Polka Dots and a Blindfold Test

Lester Young at Newport; photo by Ted Williams

Here’s some choice Lester Young material to complement the feature I’m presenting on him this week in Jazz à la Mode. My focus is Lester’s work as a leader in the forties and fifties after he’d come to prominence with Count Basie and begun making records under his own name. This period found the tenor saxophonist leading a succession of combos on a part-time basis. He’d begun touring with Jazz at the Philharmonic in 1946, which left fronting his own combo a secondary enterprise; as a result, changes in personnel were fairly routine. Consider the pianists Young played with between 1942 and ’55: Nat King Cole, Sam Price, Johnny Guarnieri, Kenny Kersey, Joe Albany, Hank Jones, Junior Mance, Kenny Drew, John Lewis, Oscar Peterson, Horace Silver, and Gildo Mahones. The only sideman to maintain a steady association with Lester was trumpeter Jesse Drakes who joined in 1948 and remained through the mid-fifties. Drakes was a Juilliard grad whose playing experience ranged from the Savoy Sultans to Harry Belafonte to Motown studio work; that he’s so little known outside of his recordings with Lester underscores how deep the ranks of trumpet greats were back in the day.

Jesse Drakes
Jesse Drakes

One of Lester’s favorite ballads was “Polka Dots and Moonbeams.” Composed by Jimmy Van Heusen and Johnny Burke in 1940 for Tommy Dorsey, it was Frank Sinatra’s first hit record. Sinatra, whom Lester admired as a vocalist, may have guided repertoire choices for Pres much like Ahmad Jamal did for Miles Davis. Lester first recorded it on his 1949 Mercury session with Hank Jones, Ray Brown, and Buddy Rich. His best known performance of “Polka Dots…” was made on a reunion with Count Basie at the Newport Jazz Festival in 1957.

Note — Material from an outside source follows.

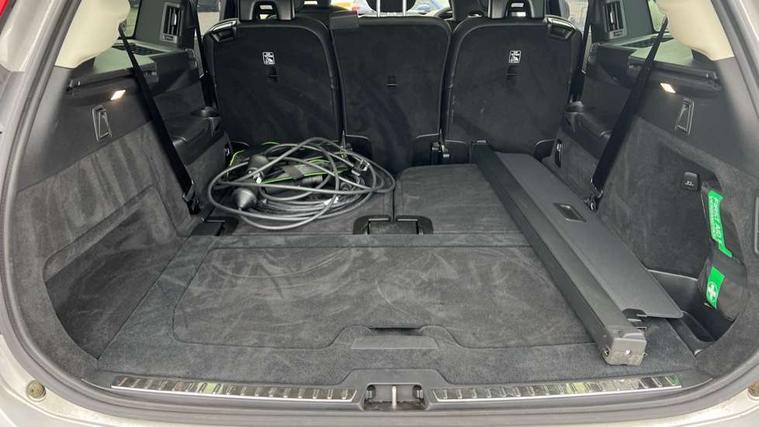 12.3" Progressive Driver Display, 360 degree surround view parking camera with side proximity sensors, 9" centre console portrait touch screen, Adjustable steering wheel force, Bluetooth hands free telephone connection, Drive mode settings, Driver alert control with lane keeping aid, Driver assistance (pilot assist and adaptive cruise control), Driver awareness - Blind spot information system with steer assist, cross traffic alert with autobrake and rear collision warning and mitigation, Emergency call service, Front and rear park assist, Google Automotive Services - Navigation with Voice recoginition and google assistant, Handsfree power tailgate opening and closing, Oncoming Lane Mitigation, Power operated tailgate, Service interval indicator, Speed limiter, Speed sensitive steering, Trip computer, Volvo on call, Wireless Mobile Phone Charger, 3.7 kW monophase on board charger, 6m 3 phase 16amp Type 2 / mode 3 charge cable, 7m 10amp charge cable with 3 pin plug, 8 speed automatic transmission with start/stop + manual change functions, Active four C chassis - four corner adaptive dampers with electronic air suspension, Electric rear axle drive, Lithium-ion battery, On board charger - 6.4 kW 2 phase/3.7kW single phase, Recharging port located in nearside front wing, DAB Radio (Digital Audio Broadcasting), Low speed exterior sound speaker, Premium Sound by Bowers and Wilkins, dirac live, dolby pro logic II surround sound, 18 speakers/1400W output and fresh air subwoofer, Steering wheel remote infotainment controls, Active bending headlights with adaptive shadow technology, Adaptive brake lights with high level LED brake lights, Auto dimming interior + exterior mirrors, Auto folding and heated power door mirrors, Automatic headlight levelling system, Automatic LED Headlights + Active high beam incorporating daytime running lights, Body colour bumpers, Dark tinted windows - rear side windows and rear screen, Front and rear power windows, Headlight cleaning system, High gloss black door mirrors and window surround, High gloss black front and rear bumper deco, High gloss black mesh front grille with surround, Home safe and approach lighting, Integrated roof rails in high gloss black, Power glass tilt and slide panoramic sunroof with sun curtain, Puddle lights, Rain sensor with automatic windscreen wiper activation, Rear side wing doors, Rear wash/wipe with intermittent wipe setting, Roof antenna, Roof spoiler, Visible VIN plate, 12V socket front tunnel console, rear passenger compartment and cargo area, 2 seat bench in 3rd row, 2nd Row centre armrest with and cupholders, 3 seat bench in 2nd row, 4 zone electronic climate control with Clean zone air quality system + pollen filter, A-pillar parking ticket holder, Advanced interior air cleaner PM2.5, Air conditioning for 3rd row of seats, Ambient door and instrument panel lighting, B Pillar ventilation, Bright metal luggage threshold, Centre console cupholders and storage, Floor mats, Front and rear door pocket and front cupholder illumination, Front and rear reading lights, Theatre lighting and centre armrest storage illumination, Front footwell and side step illumination, Front headrests, Front seat cushion extensions, Heated front seats, Heated rear seats, Heated steering wheel, Height/reach adjustable steering column, Illuminated front and rear tread plates, Illuminated luggage compartment, Illuminated tailgate, Illuminated vanity mirrors + ticket holder, Illumination lockable glovebox compartment, Integrated sun curtains in rear doors, Isofix outer rear child seat preparation in 2nd row, Load protection net, Luggage compartment divider with grocery bag holder, Outboard armrest with cupholder and storage for third row passengers, Power driver seat with multi directional lumbar support and memory for seat and exterior mirrors, Power folding 2nd row headrests, Power passenger seat with multi directional lumbar support and memory, Rear footwell and side step illumination, Rear headrests, Recharge aluminium tread plates, Semi automatic load cover, Single front passenger seat, Underfloor luggage compartment storage, 7 three point seatbelts, City safety with steering support includes pedestrian, cyclist and large animal detection and front collision warning with full auto brake, Drivers knee airbag, Dual stage driver/passenger airbags, First aid kit, Front seats SIPS airbags, Hill descent control - off drive mode, Hill start assist, IC (Inflatable Curtains) - Full Length, Passenger airbag cut-off switch, Power child locks on rear doors, Power parking brake with auto hold function, Road sign information display, Run off Road Mitigation, Run off Road Protection, Seatbelt reminder and pretensioners for all seats, SIPS (Side Impact Protection System), Slippery road and hazard light alert, Stability and Traction Control with Spin control, Engine Drag Control and Corner Traction Control, Tyre pressure monitoring system, Vehicle deceleration control with Anti-lock Brake System, Electronic Brake Distribution and Emergency Brake Assist, Warning triangle, WHIPS whiplash protection system - front, Anti-theft alarm including immobiliser/volume sensor + level sensor, Care key with user defined top speed, Key integrated remote control central locking + fuel flap with deadlocking system and auto open/close power windows, Keyless drive includes keyless entry and keyless start, Locking wheel nuts, Private locking for glovebox and tailgate, Tailored Instrument Panel and Door Tops with Contrast Stitching, Tyre sealant kit and compressor,

The masterful performance, marred slightly by John Hammond’s intrusive introduction of Jo Jones over the opening phrase of Lester’s solo, is one of the highlights of Young’s late career. Coupled with his one-chorus solo on Billie Holiday’s “Fine and Mellow” on The Sound of Jazz television broadcast that same year, they serve as poetic and poignant capstones of Young’s highly personal art.

Here’s Lester playing “Polka Dots…” on an Art Ford Jazz Party television special. Ray Bryant is the pianist.

Two weeks ago, Loren Schoenberg of the Jazz Museum of Harlem posted on YouTube an excerpt of Leonard Feather’s interview of Young for a Blindfold Test that was published in Down Beat on November 2, 1951. It makes for fascinating listening as Lester talks about musicians and records, extols Bud Freeman as an original “stylist” and identifies his colleague Pee Wee Russell as part of the group playing “Dixielanderini.” (How I love Lester’s use of that suffix!) He also refers to a couple of the “bruising” experiences that had shaped his life, the “teardrops” shed over being harassed by Fletcher Henderson’s wife and sidemen for not conforming to the orthodox tenor style of Coleman Hawkins, and how something that went down with Basie “broke my heart.” Lester’s language is studded with the personal slang for which he was renowned; “nice eyes” is prominent in his expression of approval for some of the records played.